The notebook dates at the JJ Digital Archive suggest Joyce was writing these lines around the same time Shakespeare & Co was publishing his poetry collection Pomes Penyeach (1927), thus the echo of the title in"Eche bennyache" resonates. Each, penny each. And then, "Outstamp and distribute him at the expanse of his society." The word "Outstamp" strikes me as another way to say express, but it also alludes to printing, Joyce's printed works for over a century now distributing across the world "at the expanse of his society" literally expanding the Joyce society and doing so at our expense as we shell out each penny, "Eche bennyache." "Eche" also contains the initials HCE for Here Comes Everybody. And McHugh notes the early Middle English word eche means "eternal, everlasting." The writer lives on through his printed works being distributed expansively throughout society, "To be continued. Anon."

Evident in the phrase "Eche bennyache" is also ache, belly ache. Joyce suffered from severe stomach issues while writing the Wake and shortly after the book's publication he died during surgery for an ulcer. Going back again to the section examined earlier (pgs 229-231 of book II.1) some of the same themes and references stand out, where the focus is on the autobiographical Shem character, the riddles he writes, and how "he's knots in his entrails!" (FW 231.25). 

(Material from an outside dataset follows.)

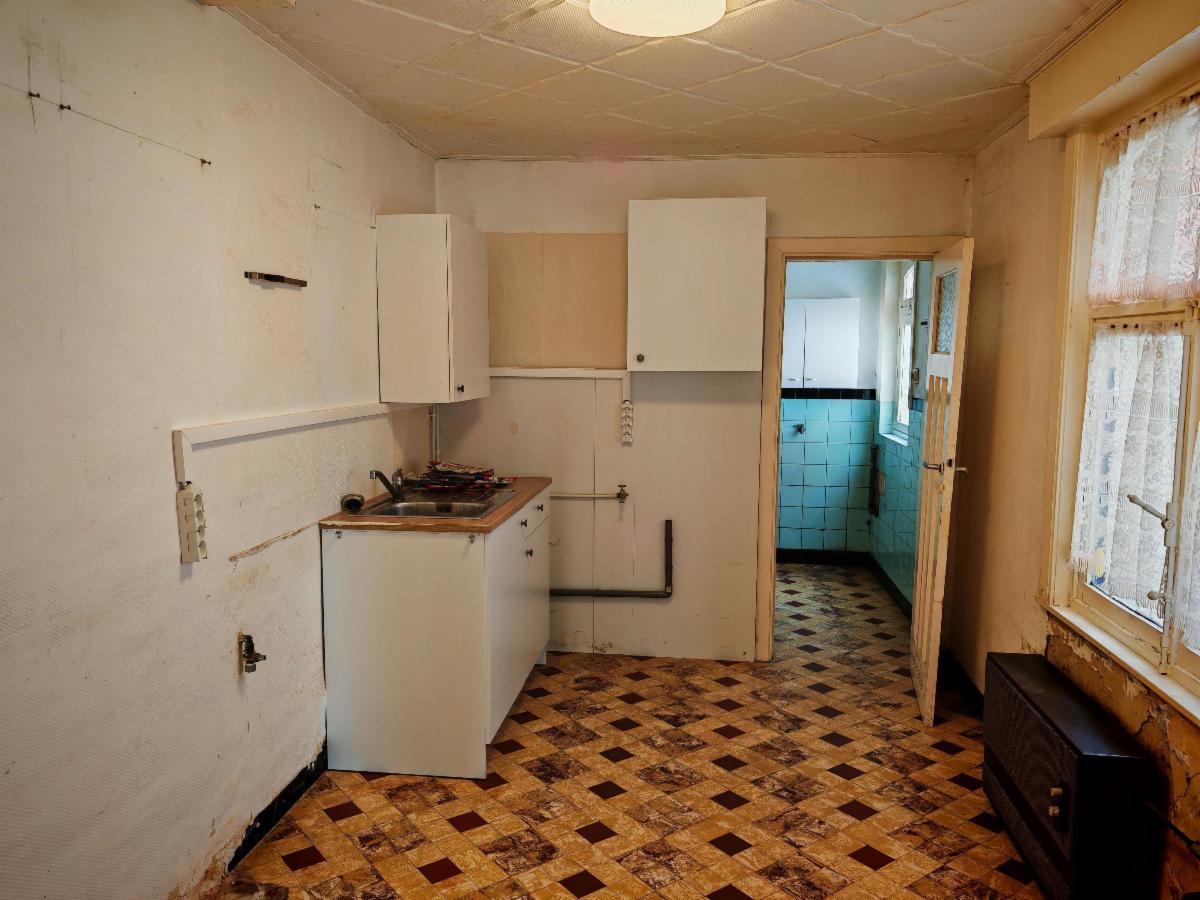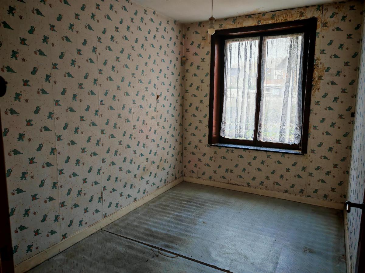 - Rez-de-chaussée : hall d'entrée, salon, salle à manger, cuisine non équipée, salle de bain (baignoire + wc)

"And oil paint use a pumme if yell trace me there title to where was a hovel not a havel (the first rattle of his juniverse) ..." (FW 230.36-231.02)

Joyce declares, I'll paint you's a poem ("pumme") if you'll trace me the riddle to the title to where was a novel not a novel (the first riddle of his universe). The first rattle of his junior verse, "Et Tu Healy" which he parodies immediately after these lines. This was Joyce's first poem written when he was 9 years old. His father proudly had it printed so he could distribute copies, even sending a copy to the Vatican. No surviving copies of "Et Tu Healy" have been identified as of this writing, though if one were to be discovered it could fetch up to 2 million dollars at an auction. A poem written by a 9-year-old. Only a few lines from the poem are known, and Joyce parodies them on this page (231.05-08). Echoing the earlier quoted assertions of "i Romain" and "To be continued. Anon." this same page also begins a sentence with, "Though he shall live for millions of years a life of billions of years" (FW 231.18-19).